It can be hard to make the decision to end any relationship, especially an unhealthy relationship.
Ending a relationship is hard. We may have been in the relationship for a long time and lost touch with friends. Suddenly, the thought of being on our own might seem a bit scary. It can be very hard if the other person still wants to be in the relationship. Ask yourself why you want to end the relationship and think about how the other person might react when you talk to them about ending the relationship.
Sometimes, if a relationship is unhealthy or abusive, we hope and believe things will change. We want to believe that if we just hold out for just a bit longer, things will get better. We sometimes think of reasons to explain the abusive behaviour; it’s just a rough patch, it’s down to stress etc. Sometimes we even think there are things we can do or ways in which we can change to make things better.
However, for things to improve, the other person must accept responsibility for the abusive behaviour and want to change, and unfortunately, abusers are often in denial about the abuse. They might even get angry at you for suggesting there is something wrong. The first step in escaping an abusive relationship is realising that something is wrong. At this stage, it is important to realise you are not alone, it’s not your fault, and you deserve better.
When it comes to leaving an unhealthy or abusive relationship, it is important to be careful and to ensure you are surrounded by help and support. This might be difficult if your relationship has caused you to distance yourself from family and friends, but remember that true friends love you and care about you and will want to help you if you give them a chance.
Our top tips for ending an unhealthy relationship
- Surround yourself with support (friends, family, trusted adult).
- Choose the right person to rely on, who you are connected to and who you know won’t judge you.
- Do it in person, but only if it is safe to do so.

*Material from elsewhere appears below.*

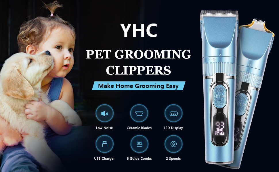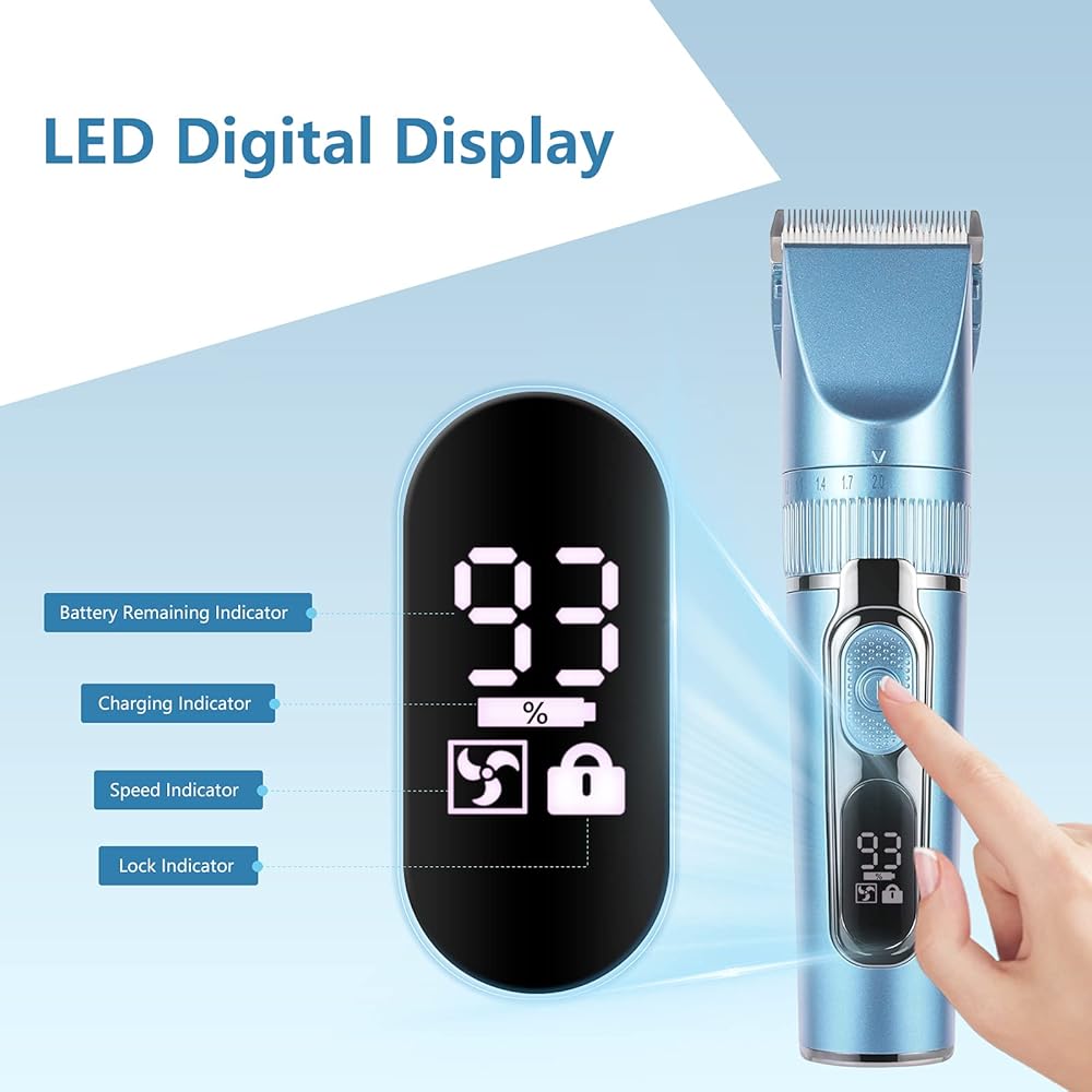 شاشة LED رقمية - تم تصميم ماكينة تشذيب الكلاب YHC مع شاشة LED تعرض عمر البطارية المتبقي وسرعتها. تعمل وظيفة القفل الفريدة على منع التشغيل العرضي أثناء السفر.

- Do it in public. Have someone you know there (not obviously) or nearby.
- Be mentally prepared. Know what you are going to say and how you are going to say it.
- Be clear and direct. You can use these three points. You are not happy in the relationship. You want to break up. You don’t want to be in contact.
- Block the person on social media if you have to.
- Change your number (if you feel you have to).
- Get organisation support if you need to. There are many organisations that can help.
- Once you end the relationship, maintain your boundaries and look after yourself. Expect some sadness and surround yourself with people who care.
What if my ex threatens to hurt me or themselves if I break up with them?
This is not a normal reaction to a breakup, and if you are concerned this might happen and/or if does happen, it is crucial you get support from a trusted adult or police. If you fear for your safety, it is important you have a safety plan in place before you attempt to break up. Ask parents, teachers or other adults you trust to help you with this. Remember, fear has no place in a healthy relationship!